**Your assignment**: Set down exactly the lines from the one containing "Maiô estruturado com" to the final line of the records below, with every picture omitted.

____ Information

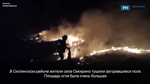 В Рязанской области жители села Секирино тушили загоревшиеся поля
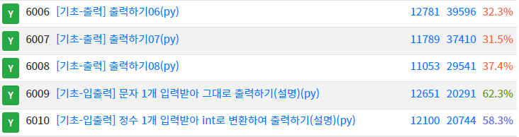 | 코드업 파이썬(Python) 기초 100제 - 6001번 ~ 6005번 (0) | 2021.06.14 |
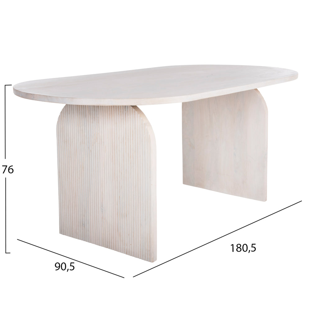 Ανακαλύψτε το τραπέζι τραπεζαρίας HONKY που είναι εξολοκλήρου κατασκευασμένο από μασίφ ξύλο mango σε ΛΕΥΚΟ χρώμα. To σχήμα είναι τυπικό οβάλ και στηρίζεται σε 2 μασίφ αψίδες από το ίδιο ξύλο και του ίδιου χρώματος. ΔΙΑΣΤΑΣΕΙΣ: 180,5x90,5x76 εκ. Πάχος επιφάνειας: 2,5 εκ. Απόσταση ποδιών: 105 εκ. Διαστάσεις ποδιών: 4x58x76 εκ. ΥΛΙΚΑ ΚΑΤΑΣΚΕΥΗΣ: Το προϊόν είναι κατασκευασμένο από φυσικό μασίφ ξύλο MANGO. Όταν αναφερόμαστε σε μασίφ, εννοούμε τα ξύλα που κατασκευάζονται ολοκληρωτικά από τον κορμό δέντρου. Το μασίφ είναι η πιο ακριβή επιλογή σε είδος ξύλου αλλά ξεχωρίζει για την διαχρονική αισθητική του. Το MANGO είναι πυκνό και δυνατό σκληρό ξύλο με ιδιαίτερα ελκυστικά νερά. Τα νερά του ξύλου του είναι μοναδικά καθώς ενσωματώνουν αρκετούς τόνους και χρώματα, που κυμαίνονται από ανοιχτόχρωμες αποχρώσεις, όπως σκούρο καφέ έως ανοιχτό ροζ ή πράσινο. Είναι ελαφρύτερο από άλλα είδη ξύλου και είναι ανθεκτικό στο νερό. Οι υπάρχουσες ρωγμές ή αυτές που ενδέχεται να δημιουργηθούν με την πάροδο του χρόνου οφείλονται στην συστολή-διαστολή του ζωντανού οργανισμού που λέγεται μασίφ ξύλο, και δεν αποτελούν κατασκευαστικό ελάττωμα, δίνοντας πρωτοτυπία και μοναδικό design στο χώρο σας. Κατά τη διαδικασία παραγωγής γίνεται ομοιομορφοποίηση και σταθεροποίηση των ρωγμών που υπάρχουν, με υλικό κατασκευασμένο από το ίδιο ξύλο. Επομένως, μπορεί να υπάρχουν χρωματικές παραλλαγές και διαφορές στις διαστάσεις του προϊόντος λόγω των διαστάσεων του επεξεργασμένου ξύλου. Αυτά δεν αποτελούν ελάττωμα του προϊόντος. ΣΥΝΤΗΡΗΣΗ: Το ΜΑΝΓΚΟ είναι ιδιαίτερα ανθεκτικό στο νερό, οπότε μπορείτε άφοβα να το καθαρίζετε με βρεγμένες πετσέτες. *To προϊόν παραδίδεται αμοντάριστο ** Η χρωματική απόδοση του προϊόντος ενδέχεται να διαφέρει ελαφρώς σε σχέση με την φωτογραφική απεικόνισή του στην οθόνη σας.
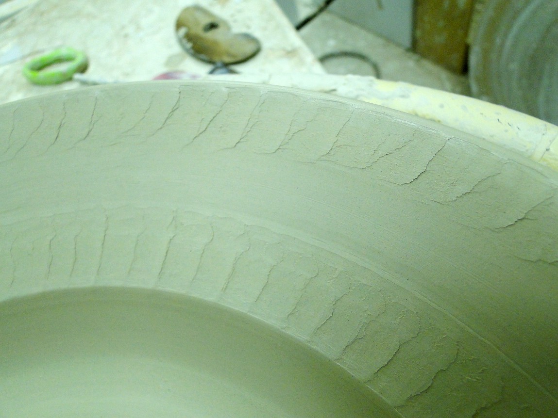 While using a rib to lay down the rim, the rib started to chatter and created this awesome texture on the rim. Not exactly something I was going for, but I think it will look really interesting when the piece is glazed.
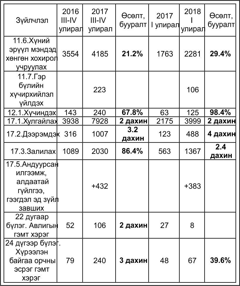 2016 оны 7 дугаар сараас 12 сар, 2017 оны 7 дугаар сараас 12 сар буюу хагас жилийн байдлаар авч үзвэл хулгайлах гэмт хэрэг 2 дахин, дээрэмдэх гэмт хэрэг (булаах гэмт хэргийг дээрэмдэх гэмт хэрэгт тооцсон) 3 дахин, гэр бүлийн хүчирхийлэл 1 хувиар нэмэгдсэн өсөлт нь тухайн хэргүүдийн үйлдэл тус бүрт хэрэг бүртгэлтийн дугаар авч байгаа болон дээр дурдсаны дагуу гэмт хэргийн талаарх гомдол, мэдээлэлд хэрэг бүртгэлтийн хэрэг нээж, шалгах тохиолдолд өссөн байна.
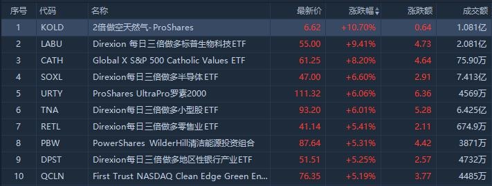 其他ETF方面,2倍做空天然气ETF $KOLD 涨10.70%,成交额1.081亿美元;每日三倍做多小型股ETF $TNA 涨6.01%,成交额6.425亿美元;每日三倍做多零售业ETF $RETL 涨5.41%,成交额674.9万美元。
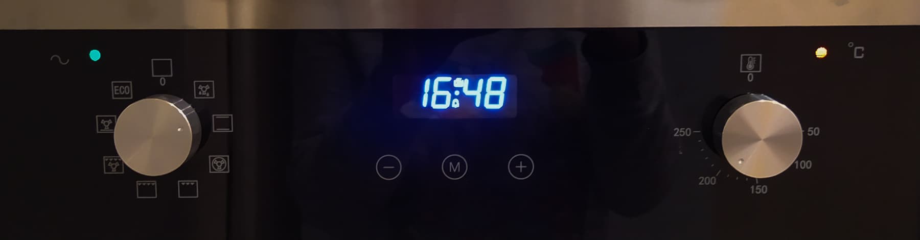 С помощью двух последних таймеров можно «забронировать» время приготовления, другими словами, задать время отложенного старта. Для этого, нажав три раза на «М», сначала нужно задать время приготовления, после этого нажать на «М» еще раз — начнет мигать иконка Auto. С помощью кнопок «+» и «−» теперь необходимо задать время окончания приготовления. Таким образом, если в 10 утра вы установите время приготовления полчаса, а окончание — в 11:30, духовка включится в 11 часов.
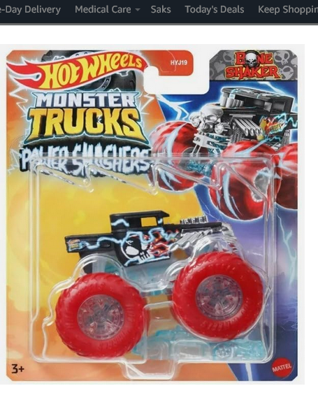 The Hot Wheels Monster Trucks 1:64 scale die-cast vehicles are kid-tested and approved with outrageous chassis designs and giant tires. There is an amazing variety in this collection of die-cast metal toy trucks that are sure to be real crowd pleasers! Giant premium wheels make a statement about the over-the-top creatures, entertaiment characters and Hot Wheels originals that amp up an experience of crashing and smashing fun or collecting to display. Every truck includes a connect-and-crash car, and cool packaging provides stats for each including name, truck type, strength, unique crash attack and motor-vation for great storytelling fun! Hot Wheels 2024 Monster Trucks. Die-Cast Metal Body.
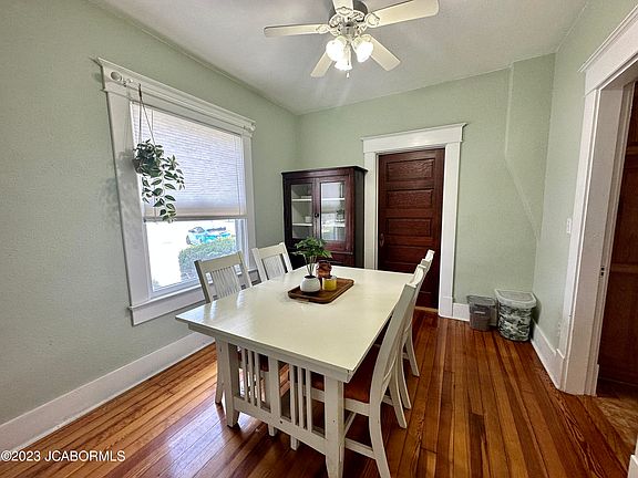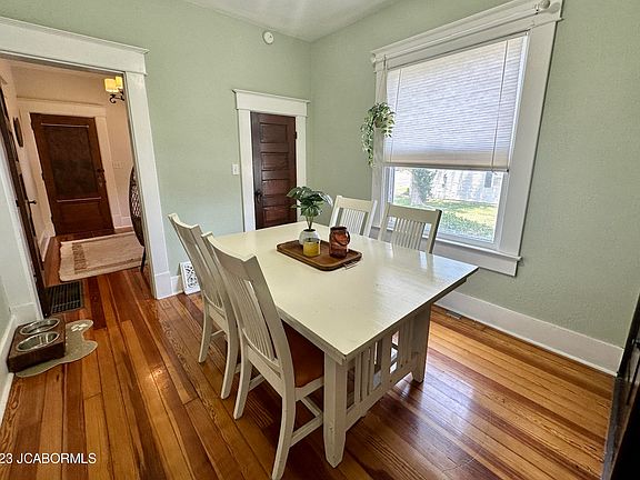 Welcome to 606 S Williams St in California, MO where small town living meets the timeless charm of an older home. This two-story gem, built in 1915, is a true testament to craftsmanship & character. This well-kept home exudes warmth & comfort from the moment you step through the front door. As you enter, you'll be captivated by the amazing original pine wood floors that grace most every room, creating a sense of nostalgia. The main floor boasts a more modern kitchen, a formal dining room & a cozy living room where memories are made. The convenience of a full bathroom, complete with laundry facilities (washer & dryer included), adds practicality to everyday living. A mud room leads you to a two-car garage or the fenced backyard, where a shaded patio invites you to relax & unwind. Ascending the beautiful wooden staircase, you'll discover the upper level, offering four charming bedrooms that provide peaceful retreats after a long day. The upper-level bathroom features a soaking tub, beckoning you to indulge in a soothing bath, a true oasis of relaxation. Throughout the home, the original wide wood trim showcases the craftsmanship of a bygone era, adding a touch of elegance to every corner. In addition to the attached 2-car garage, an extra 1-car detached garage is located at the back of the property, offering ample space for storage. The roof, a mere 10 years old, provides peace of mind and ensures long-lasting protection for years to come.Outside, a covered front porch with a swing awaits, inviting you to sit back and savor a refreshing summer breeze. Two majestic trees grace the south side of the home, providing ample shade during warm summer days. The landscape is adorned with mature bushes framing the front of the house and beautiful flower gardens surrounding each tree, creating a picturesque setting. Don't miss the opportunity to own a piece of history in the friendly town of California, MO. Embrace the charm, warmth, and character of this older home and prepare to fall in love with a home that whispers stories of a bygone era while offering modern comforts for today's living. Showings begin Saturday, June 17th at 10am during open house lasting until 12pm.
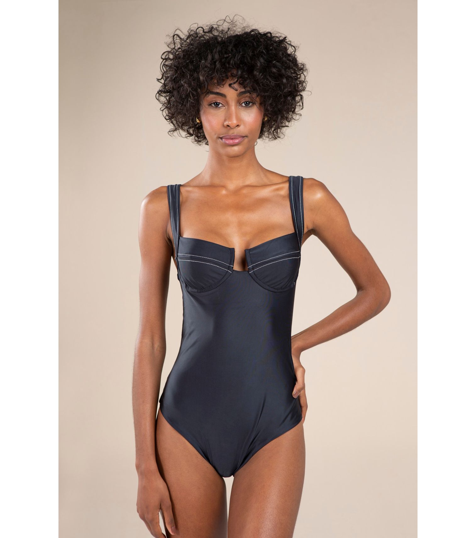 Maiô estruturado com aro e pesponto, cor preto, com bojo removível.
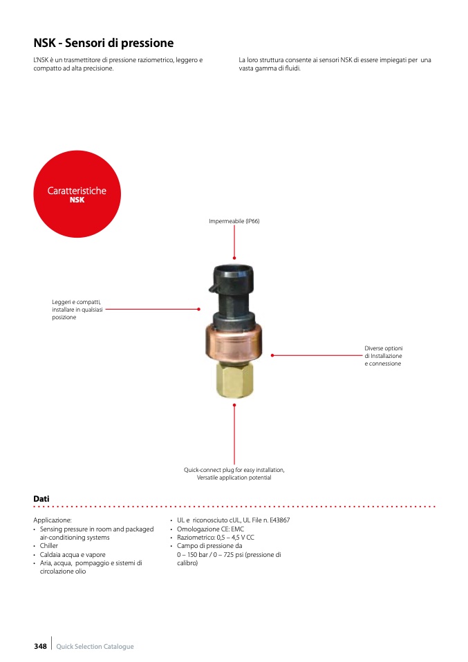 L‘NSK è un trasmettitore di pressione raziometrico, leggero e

________

**The answer**:
 Maiô estruturado com aro e pesponto, cor preto, com bojo removível.
 L‘NSK è un trasmettitore di pressione raziometrico, leggero e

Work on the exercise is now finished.